Publication year - 2016
Publication title -
international journal of laboratory hematology
Language(s) - English
Resource type - Journals
SCImago Journal Rank - 0.705
H-Index - 55
eISSN - 1751-553X
pISSN - 1751-5521
DOI - 10.1111/ijlh.12499
Subject(s) - partial thromboplastin time , thromboplastin , activated clotting time , clotting factor , tissue factor , medicine , in vitro , prothrombin time , clotting time , chemistry , pharmacology , coagulation , biochemistry , heparin
Summary Introduction Activated partial thromboplastin time ( aPTT ) is a routine clotting assay that is widely used to globally screen for coagulation abnormalities. It is commonly admitted that a prolonged test result, may trigger the need for specific assays to be performed, particularly factor measurement. However, the sensitivity of aPTT reagents to deficiencies of clotting factors varies. Methods We evaluated, according to the recommendation of the CLSI H47‐A2 guideline, the responsiveness to single factor levels of five aPTT reagents by using factor‐deficient plasmas spiked with a calibration plasma to produce individual factor activities ranging from <1 to ~100 Unit (U)/ dL . Test results were expressed as the sample‐to‐control ratio, the latter was defined as the clotting time obtained in the calibration plasma containing ~100 U/ dL factor activity. The factor activity producing a prolongation of aPTT above the upper limit of its specific normal range (in ratio) was assigned as the factor responsiveness in U/ dL to that reagent.
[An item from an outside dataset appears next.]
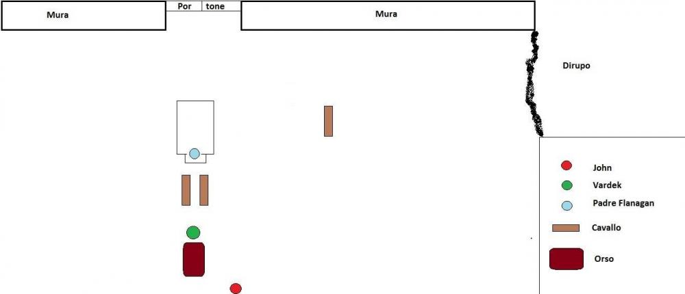 Vardek incassa il morso grosso plantigrado e senza battere ciglio...alza il braccio che regge l'ascia sopra la testa e lo cala colpendo l'orso alla base del collo e sebbene la pelle spessa abbia attutito la ferita , l'ascia gli ha provocato una bella ferita profonda tanto da fargli perdere la presa del morso... @ Vardek l'orso agita la testa infuriato e si alza sulle due zampe posteriori arrivando ad un altezza che supera i tre metri , da quella posizione cerca di colpire con gli artigli il barbaro ma entrambi i colpi vanno a vuoto... Intanto John non visto aggira l'orso portandosi alle sue spalle... Il prelato intanto fatica sempre di più a tenere i cavalli che iniziano a sclapitare sempre più nervosamente. ed il raschiare aumenta in maniera preoccupante e cominciate a sentire il legno del portone che inizia a cedere... @ Mappa @ Tutti

Results Responsiveness ranged from 34 to 47 U/ dL to FVIII :C, from 18 to 57 U/ dL to FIX , from 38 to 52 U/ dL to FXI , from 29 to 50 U/ dL to FXII , from 40 and 59 U/ dL to FV , from 7.5 to 49 U/ dL to FX , and from 9.1 to 10.5 U/ dL to FII. Conclusions These results suggest that the sensitivity of the tested aPTT reagents to single factor deficiency is highly variable. Moreover, for one given aPTT reagent, its sensitivity was very different depending on the deficient factor. This must be considered when analyzing clinical materials.